## [WHAT IS REQUIRED]
Below are records to repeat exactly; copy them without the pictures.

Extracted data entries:
..............................
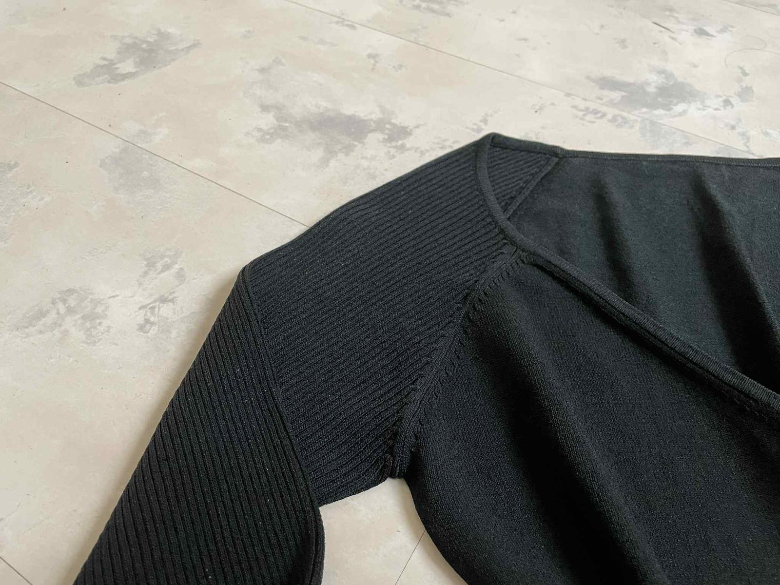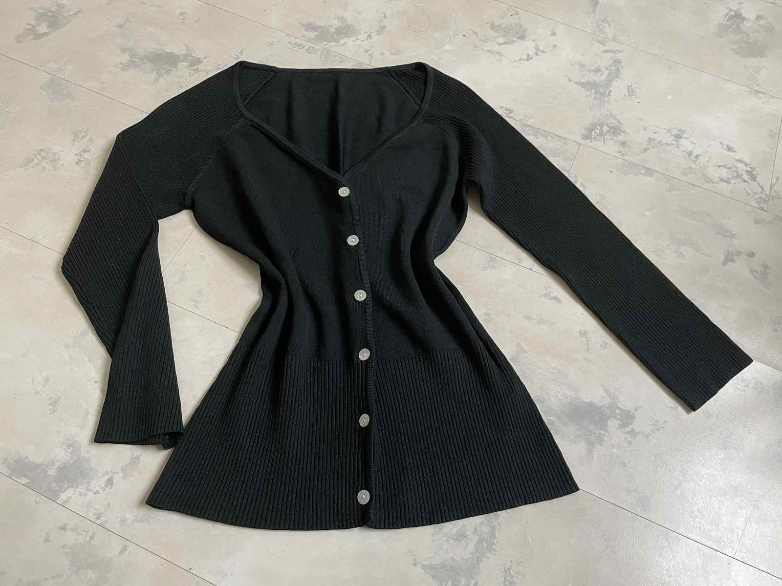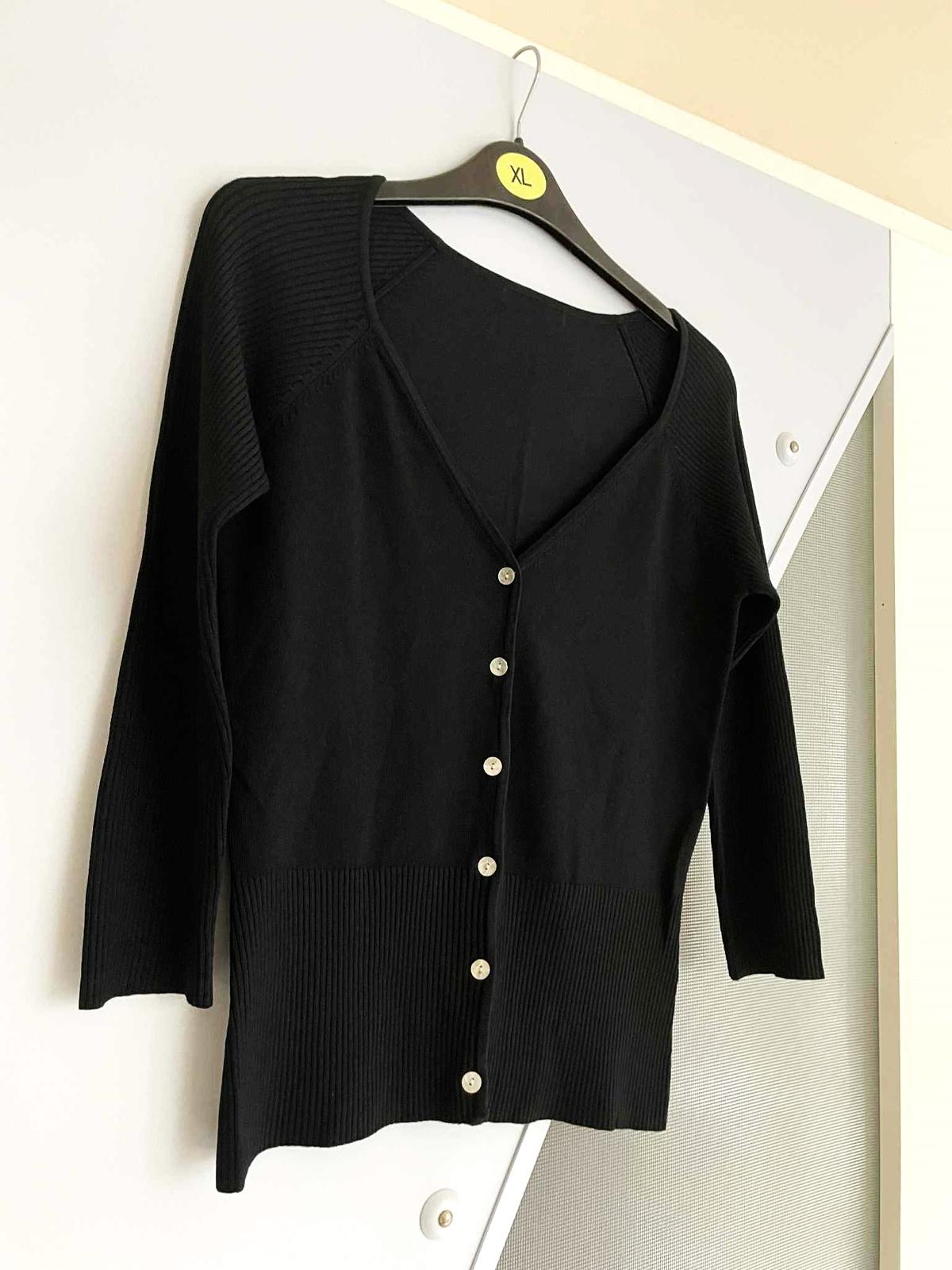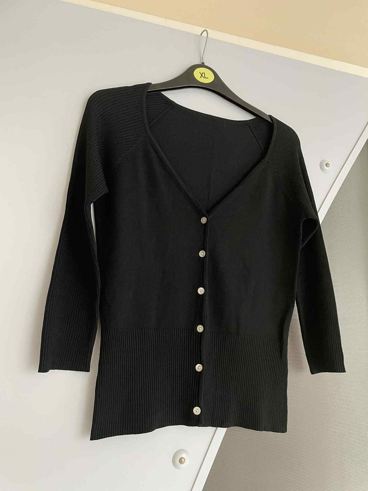 sýtočierny krátky svetrík na zapínaie - perleťové gombíky,krásne riešený,vysoké rumby,3/4 rukáv,top stav,raz opraný,materiál = 54 rayon,46 % nylon,poddajný,šírka meraná pod pazuchou = 41 x 2 cm,dlžka celkom = 55 cm, dlžka meraná na boku od pazuchy smerom dole = 38 cm,vn. dlžka rukáva = 33,5 cm, vonk. dlžka rukáva ( raglánový rukáv ) meraná od výstrihu = 50 cm,
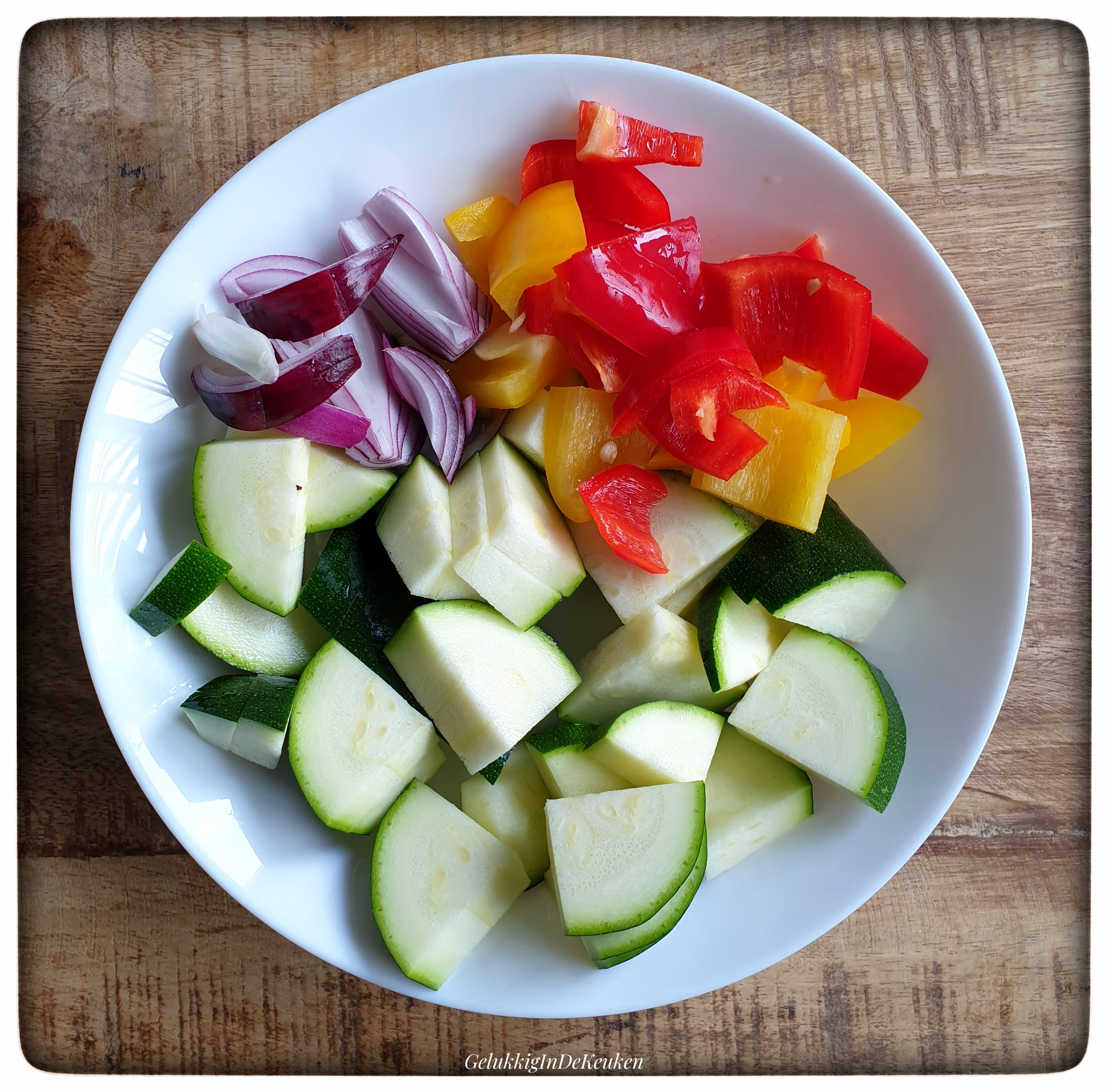 Ik had vrij grote krieltjes en heb deze gehalveerd en sommige in drie stukjes gesneden.
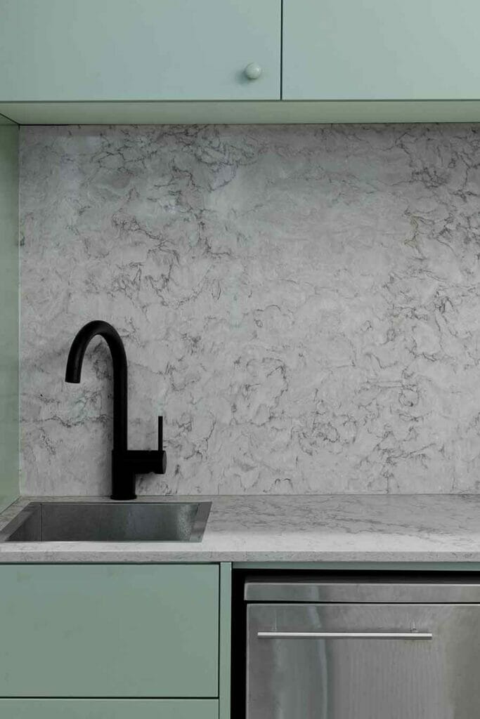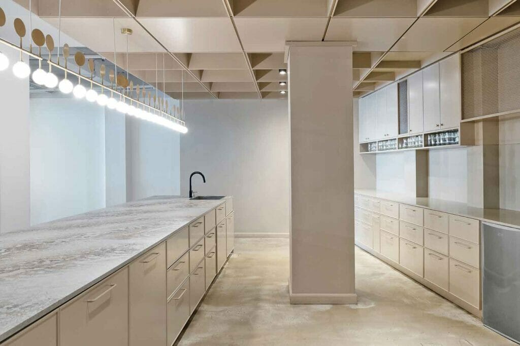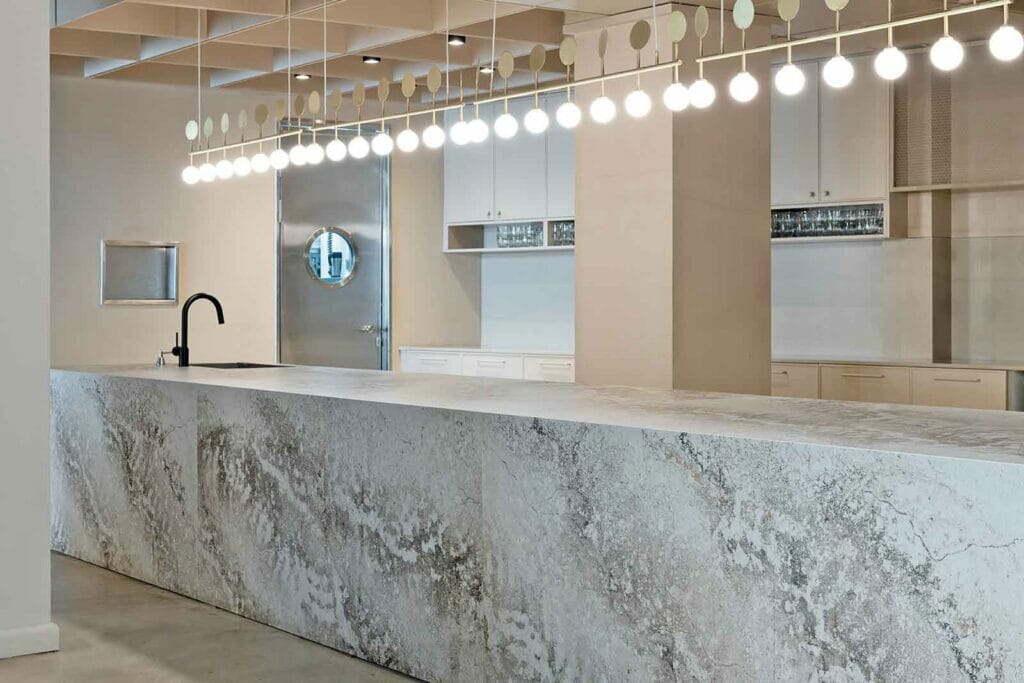 בחדרי השירותים, במטבחים ובאי הענק שבחלל המרכזי, ״ככל הנראה הגדול בארץ״, השתמשו השניים במשטחי אבן קיסר, רובן מהסדרות החדשות של החברה. ״זה אי ענק של שמונה ומשהו מטרים, כולו משטחים חדשים של אבן קיסר, כל בוקר מגישים עליו את ארוחות הבוקר ובמשך היום הוא משטח עבודה לכל דבר״.
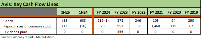 The above table underscores the low capex intensity and tech-centric service nature of the core rental business. The commentary from Avis on their desire to invest in growth marks a change from the massive buybacks seen from 2021 to 2023 and the special dividend paid in 2023 after the residual value boom and record margins (see Credit Snapshot: Avis Budget Group 4-9-25).
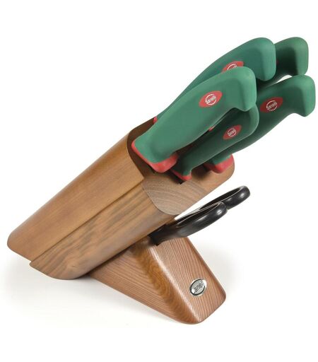 Ceppo obliquo in tinta ciliegio 6 pezzi comprese forbici da cucina linea Premana Professional di Sanelli
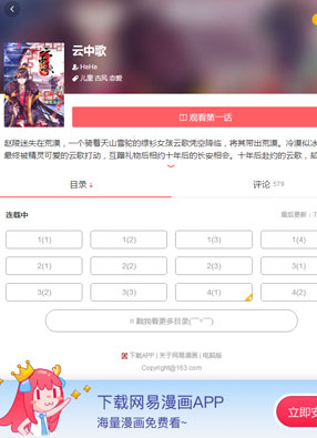 2025-07-31 01:32 开始阅读 微信阅读 简介: 《云中歌》漫画简述:一次意外,赵陵迷失在荒漠中,但命不该绝,一个骑着天山雪驼的绿衫女孩云歌凭空降临,将其带出荒漠。起初只是为了感谢,可经过短暂的相处,冷漠似冰的他最终被精灵可爱的云歌打动,互赠礼物后相约十年后的长安相会。却不想,十年后,赴约的云歌卷入了一场宫廷王位之争。
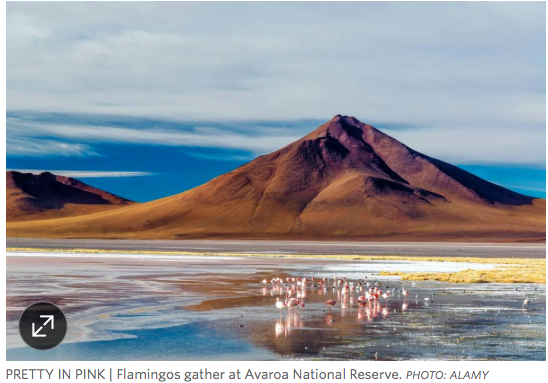 After more than 9 hours of driving and exploring, we felt as if we were crossing a marathon’s finish line when we finally reached the Reserva Nacional de Fauna Andina Eduardo Avaroa, a 2,700-square-mile protected area. Inside the reserve, we stopped at the broad, shallow, mineral-red Laguna Colorado, which was half-covered with ice and filled with flamingos that took flight in groups, showing off their dramatic black underwings as they rode the wind.
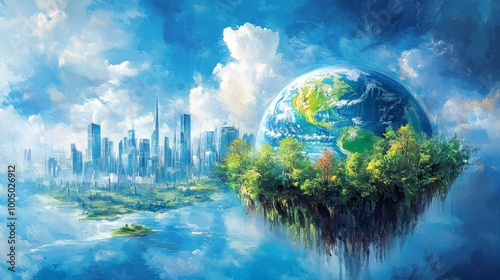 Conceptual artwork advocating for environmental awareness, vibrant colors, abstract forms, highlighting nature's beauty and fragility.
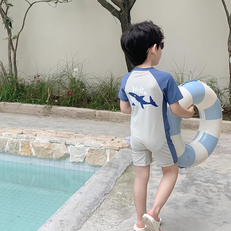 어린이 원피스 반팔 수영복 소년 여름 귀여운 상어 자외선 차단제 속건성 어린이 해변 휴가 정장
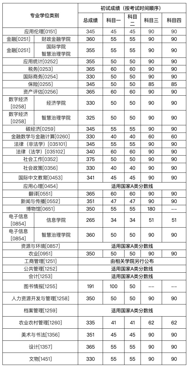 1. 以上为考生进入我校复试的初试成绩基本要求,各学院可根据生源情况调整分数线,详见报考学院有关通知公告。
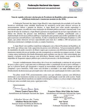 A Federação Nacional das Apaes divulgou nota de repúdio contra uma fala do presidente Lula.
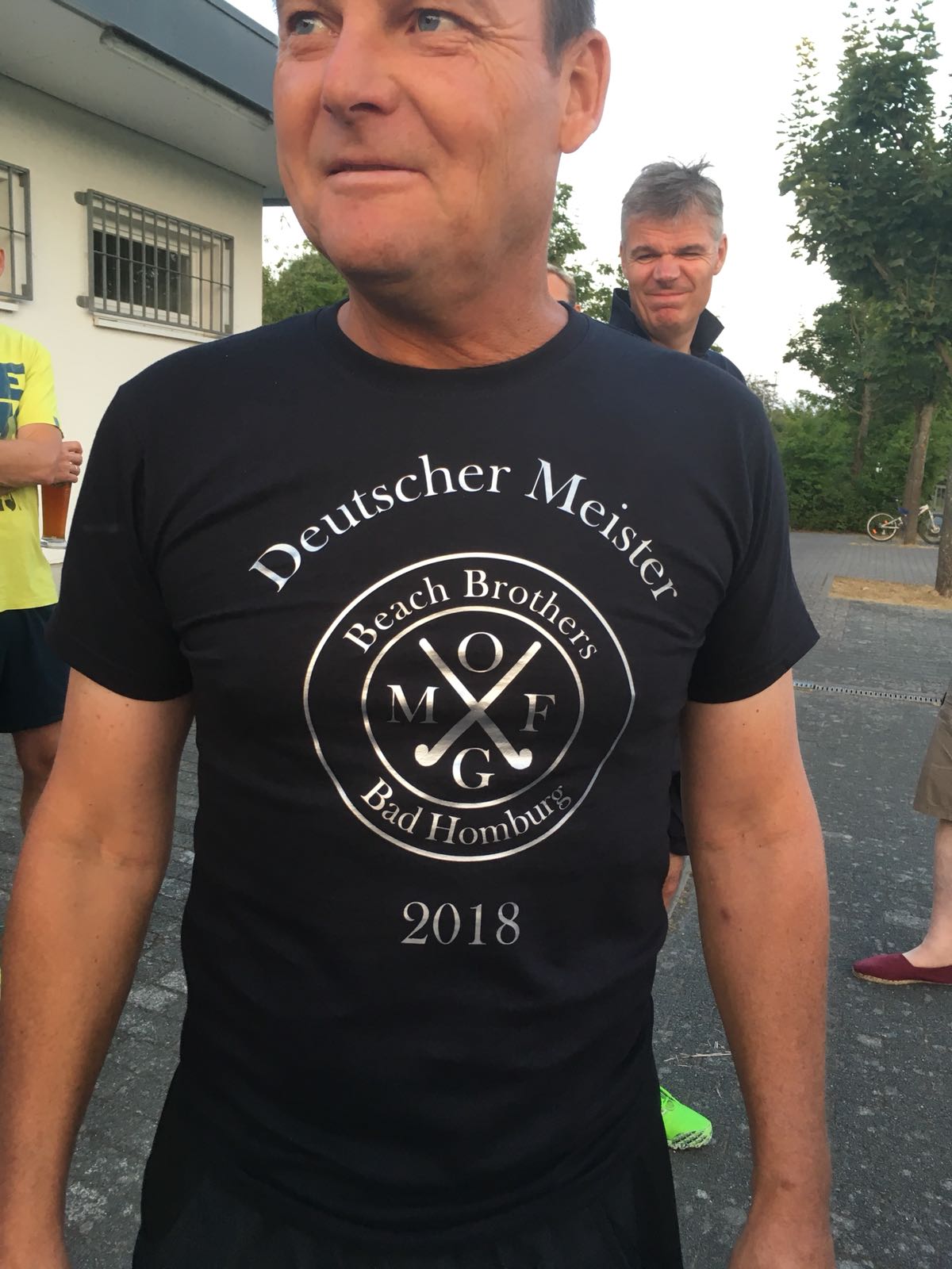 Aber weit gefehlt, wir fuhren mit fünf Feldspielern und Sven im Tor, der – durch die Absage von Hans, der als TW eingeplant war – 36 Stunden vor Abfahrt von seinem Glück erfuhr. Da Ludwigsburg ja nicht so weit ist, und in der Regel daher die Abfahrt Samstagmorgen stattfindet, traf es sich gut, dass wir am Freitag vorher noch als amtierende Deutsche Meister im Beachhockey der Senioren vom Magistrat der Stadt Homburg zur Sportlerehrung eingeladen waren. Wein und Essen umsonst. Was soll ich sagen? Die Augen einiger waren bei Abfahrt 7:30 bei Tim doch deutlich kleiner als sonst, aber der gewohnte Turnierauftakt am Freitag wurde so gut simuliert.
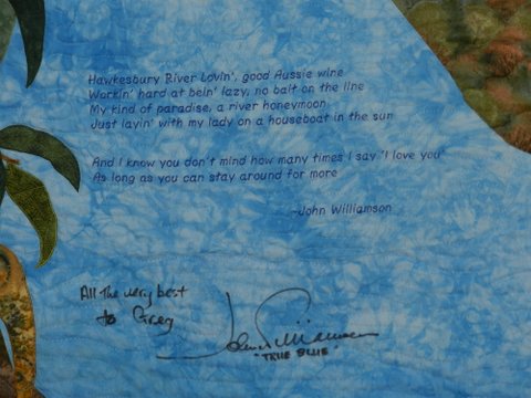 I don’t have a conduit to many celebrities, star or persons of note, but I am blessed that one of my friends, Gordon, is actually well known to John Williamson. He had already told John about Aussie Heroes and so I asked him if he thought John would be amenable to signing the quilt in question. Gordon had no doubt that John would be happy to help out so he approached him and before long I had my answer, a resounding “yes”.
..............................
## [TASK ANSWER]
 sýtočierny krátky svetrík na zapínaie - perleťové gombíky,krásne riešený,vysoké rumby,3/4 rukáv,top stav,raz opraný,materiál = 54 rayon,46 % nylon,poddajný,šírka meraná pod pazuchou = 41 x 2 cm,dlžka celkom = 55 cm, dlžka meraná na boku od pazuchy smerom dole = 38 cm,vn. dlžka rukáva = 33,5 cm, vonk. dlžka rukáva ( raglánový rukáv ) meraná od výstrihu = 50 cm,
 Ik had vrij grote krieltjes en heb deze gehalveerd en sommige in drie stukjes gesneden.
 בחדרי השירותים, במטבחים ובאי הענק שבחלל המרכזי, ״ככל הנראה הגדול בארץ״, השתמשו השניים במשטחי אבן קיסר, רובן מהסדרות החדשות של החברה. ״זה אי ענק של שמונה ומשהו מטרים, כולו משטחים חדשים של אבן קיסר, כל בוקר מגישים עליו את ארוחות הבוקר ובמשך היום הוא משטח עבודה לכל דבר״.
 The above table underscores the low capex intensity and tech-centric service nature of the core rental business. The commentary from Avis on their desire to invest in growth marks a change from the massive buybacks seen from 2021 to 2023 and the special dividend paid in 2023 after the residual value boom and record margins (see Credit Snapshot: Avis Budget Group 4-9-25).
 Ceppo obliquo in tinta ciliegio 6 pezzi comprese forbici da cucina linea Premana Professional di Sanelli
 2025-07-31 01:32 开始阅读 微信阅读 简介: 《云中歌》漫画简述:一次意外,赵陵迷失在荒漠中,但命不该绝,一个骑着天山雪驼的绿衫女孩云歌凭空降临,将其带出荒漠。起初只是为了感谢,可经过短暂的相处,冷漠似冰的他最终被精灵可爱的云歌打动,互赠礼物后相约十年后的长安相会。却不想,十年后,赴约的云歌卷入了一场宫廷王位之争。
 After more than 9 hours of driving and exploring, we felt as if we were crossing a marathon’s finish line when we finally reached the Reserva Nacional de Fauna Andina Eduardo Avaroa, a 2,700-square-mile protected area. Inside the reserve, we stopped at the broad, shallow, mineral-red Laguna Colorado, which was half-covered with ice and filled with flamingos that took flight in groups, showing off their dramatic black underwings as they rode the wind.
 Conceptual artwork advocating for environmental awareness, vibrant colors, abstract forms, highlighting nature's beauty and fragility.
 어린이 원피스 반팔 수영복 소년 여름 귀여운 상어 자외선 차단제 속건성 어린이 해변 휴가 정장
 1. 以上为考生进入我校复试的初试成绩基本要求,各学院可根据生源情况调整分数线,详见报考学院有关通知公告。
 A Federação Nacional das Apaes divulgou nota de repúdio contra uma fala do presidente Lula.
 Aber weit gefehlt, wir fuhren mit fünf Feldspielern und Sven im Tor, der – durch die Absage von Hans, der als TW eingeplant war – 36 Stunden vor Abfahrt von seinem Glück erfuhr. Da Ludwigsburg ja nicht so weit ist, und in der Regel daher die Abfahrt Samstagmorgen stattfindet, traf es sich gut, dass wir am Freitag vorher noch als amtierende Deutsche Meister im Beachhockey der Senioren vom Magistrat der Stadt Homburg zur Sportlerehrung eingeladen waren. Wein und Essen umsonst. Was soll ich sagen? Die Augen einiger waren bei Abfahrt 7:30 bei Tim doch deutlich kleiner als sonst, aber der gewohnte Turnierauftakt am Freitag wurde so gut simuliert.
 I don’t have a conduit to many celebrities, star or persons of note, but I am blessed that one of my friends, Gordon, is actually well known to John Williamson. He had already told John about Aussie Heroes and so I asked him if he thought John would be amenable to signing the quilt in question. Gordon had no doubt that John would be happy to help out so he approached him and before long I had my answer, a resounding “yes”.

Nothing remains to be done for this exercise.